Assigned task
Nothing but an exact copy is asked for: the lines in the material below from the one with "Yes, we have" through the one with "Rumeysa Gelgi mede", pictures excluded.

== Given entries

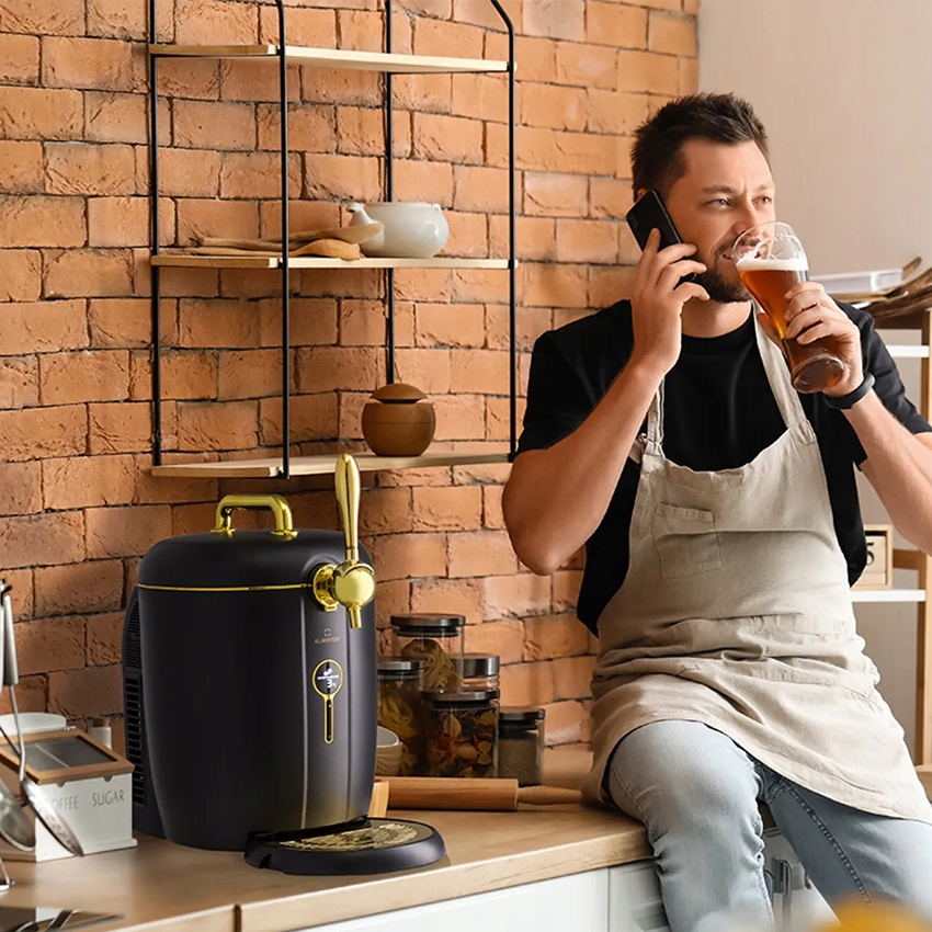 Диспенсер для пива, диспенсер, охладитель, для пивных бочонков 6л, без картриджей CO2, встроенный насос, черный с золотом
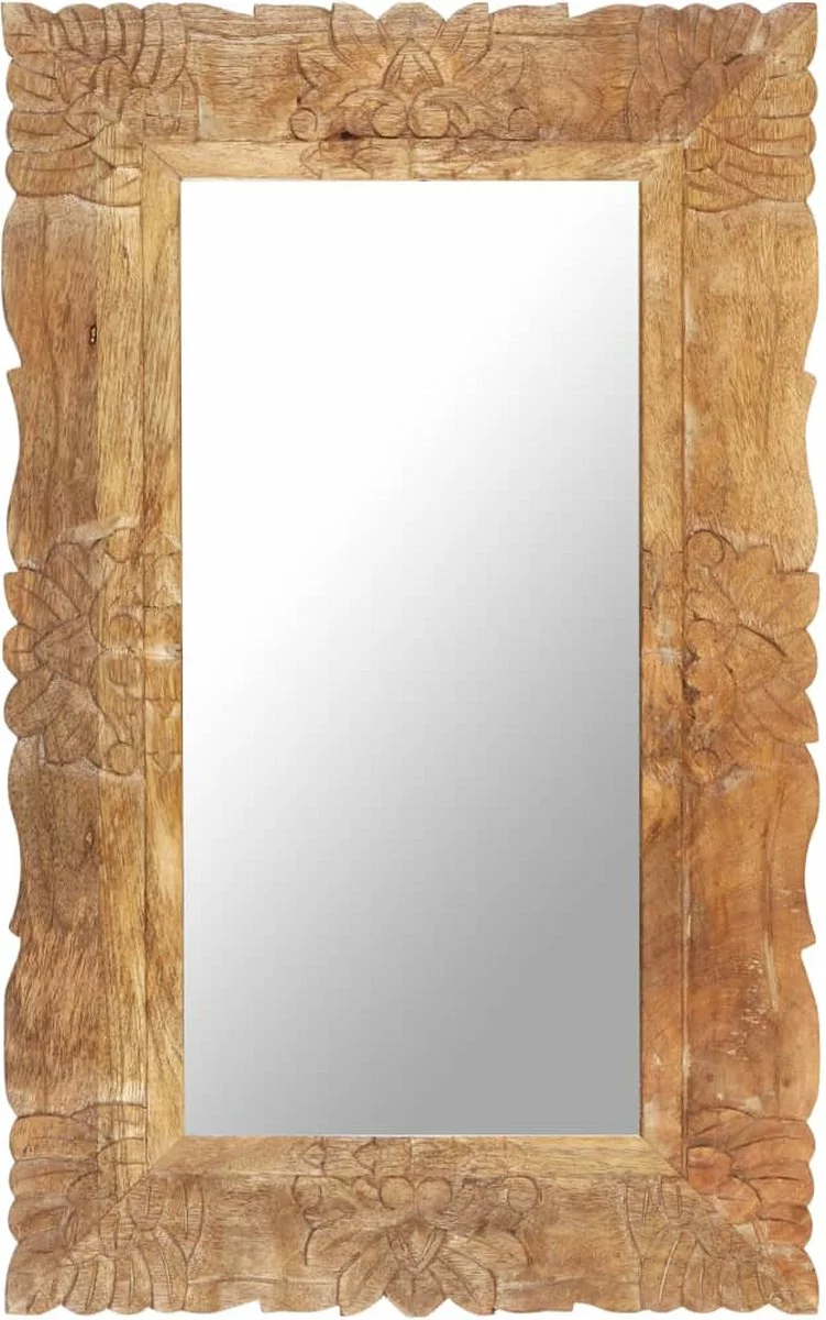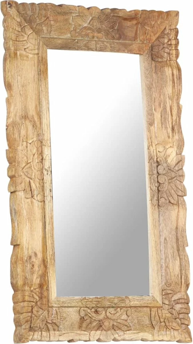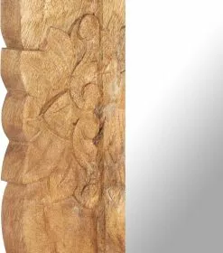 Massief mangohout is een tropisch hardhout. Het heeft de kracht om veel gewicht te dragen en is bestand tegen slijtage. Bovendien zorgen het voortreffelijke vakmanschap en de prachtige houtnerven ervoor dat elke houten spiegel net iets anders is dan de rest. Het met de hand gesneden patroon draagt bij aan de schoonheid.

====
== Given entries

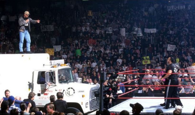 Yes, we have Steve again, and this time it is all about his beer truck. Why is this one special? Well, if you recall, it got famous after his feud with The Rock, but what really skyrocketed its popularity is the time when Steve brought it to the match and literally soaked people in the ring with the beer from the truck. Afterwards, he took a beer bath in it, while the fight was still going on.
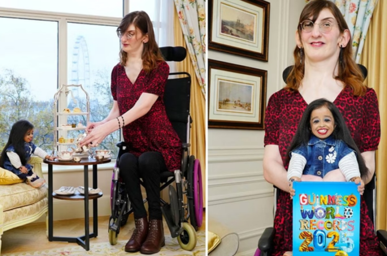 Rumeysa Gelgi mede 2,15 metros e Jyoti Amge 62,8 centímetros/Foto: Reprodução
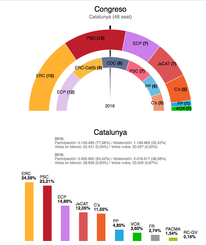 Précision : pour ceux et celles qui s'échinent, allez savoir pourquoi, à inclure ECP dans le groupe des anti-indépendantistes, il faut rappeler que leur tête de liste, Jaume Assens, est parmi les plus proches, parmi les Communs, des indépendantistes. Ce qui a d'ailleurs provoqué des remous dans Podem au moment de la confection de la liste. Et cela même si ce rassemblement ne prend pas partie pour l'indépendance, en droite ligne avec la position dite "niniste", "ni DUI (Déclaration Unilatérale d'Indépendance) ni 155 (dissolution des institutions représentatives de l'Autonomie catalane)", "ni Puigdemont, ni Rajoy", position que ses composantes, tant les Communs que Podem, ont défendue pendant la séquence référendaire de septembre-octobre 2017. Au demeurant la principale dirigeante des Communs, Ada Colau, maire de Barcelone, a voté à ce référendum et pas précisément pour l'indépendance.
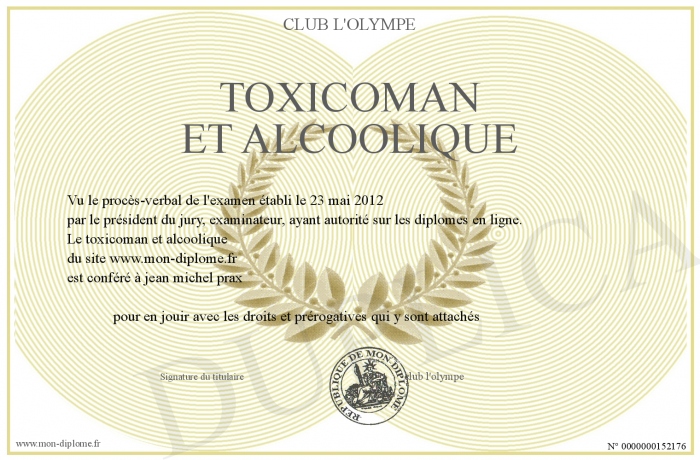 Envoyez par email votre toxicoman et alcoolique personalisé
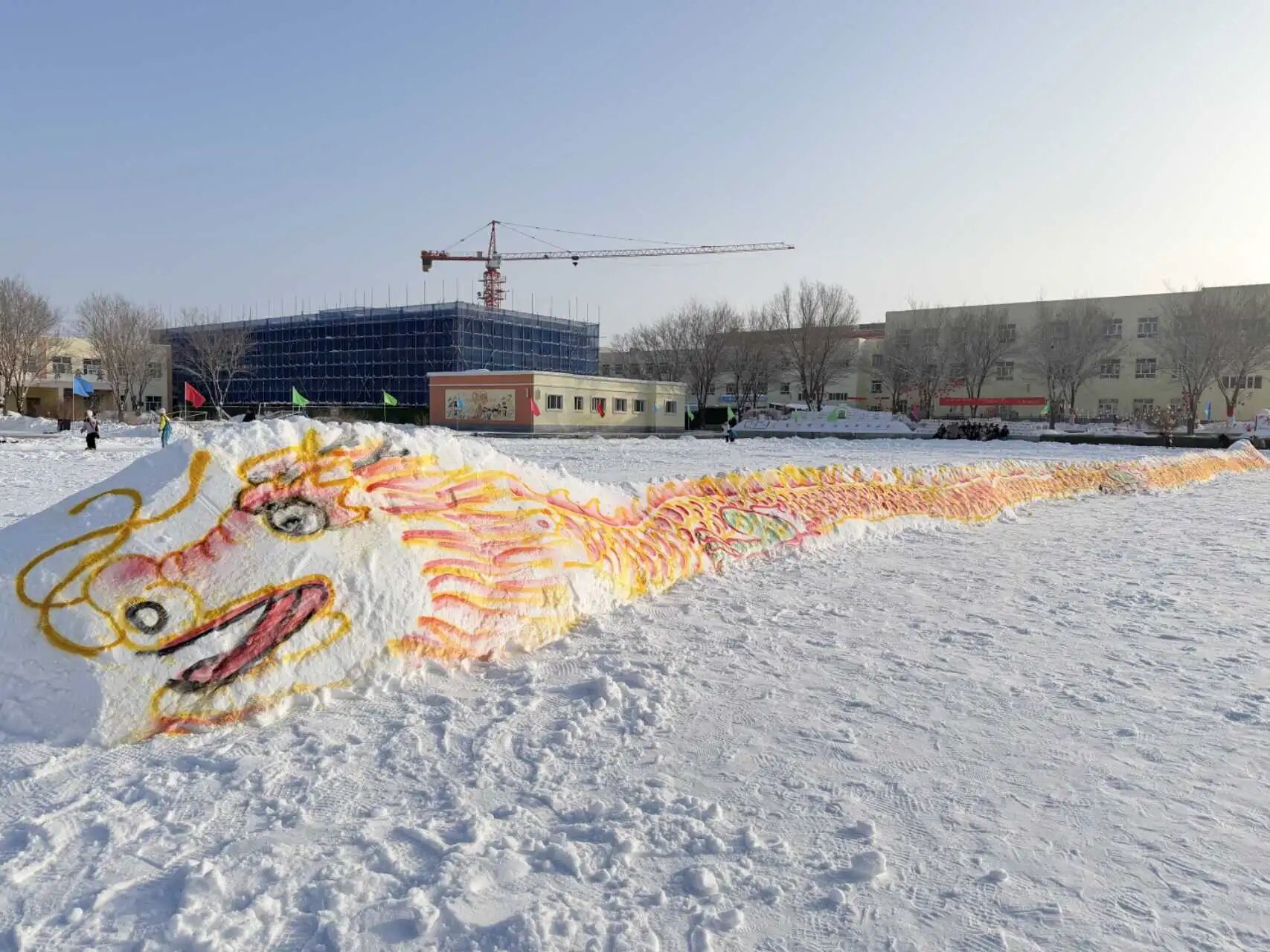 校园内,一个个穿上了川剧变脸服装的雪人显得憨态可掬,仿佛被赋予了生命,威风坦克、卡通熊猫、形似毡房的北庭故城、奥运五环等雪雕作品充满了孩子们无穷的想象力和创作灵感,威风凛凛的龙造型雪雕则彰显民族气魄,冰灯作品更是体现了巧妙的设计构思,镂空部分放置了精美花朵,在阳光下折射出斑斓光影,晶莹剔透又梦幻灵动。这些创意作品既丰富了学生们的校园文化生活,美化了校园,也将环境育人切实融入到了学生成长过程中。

====

Answer area
 Yes, we have Steve again, and this time it is all about his beer truck. Why is this one special? Well, if you recall, it got famous after his feud with The Rock, but what really skyrocketed its popularity is the time when Steve brought it to the match and literally soaked people in the ring with the beer from the truck. Afterwards, he took a beer bath in it, while the fight was still going on.
 Rumeysa Gelgi mede 2,15 metros e Jyoti Amge 62,8 centímetros/Foto: Reprodução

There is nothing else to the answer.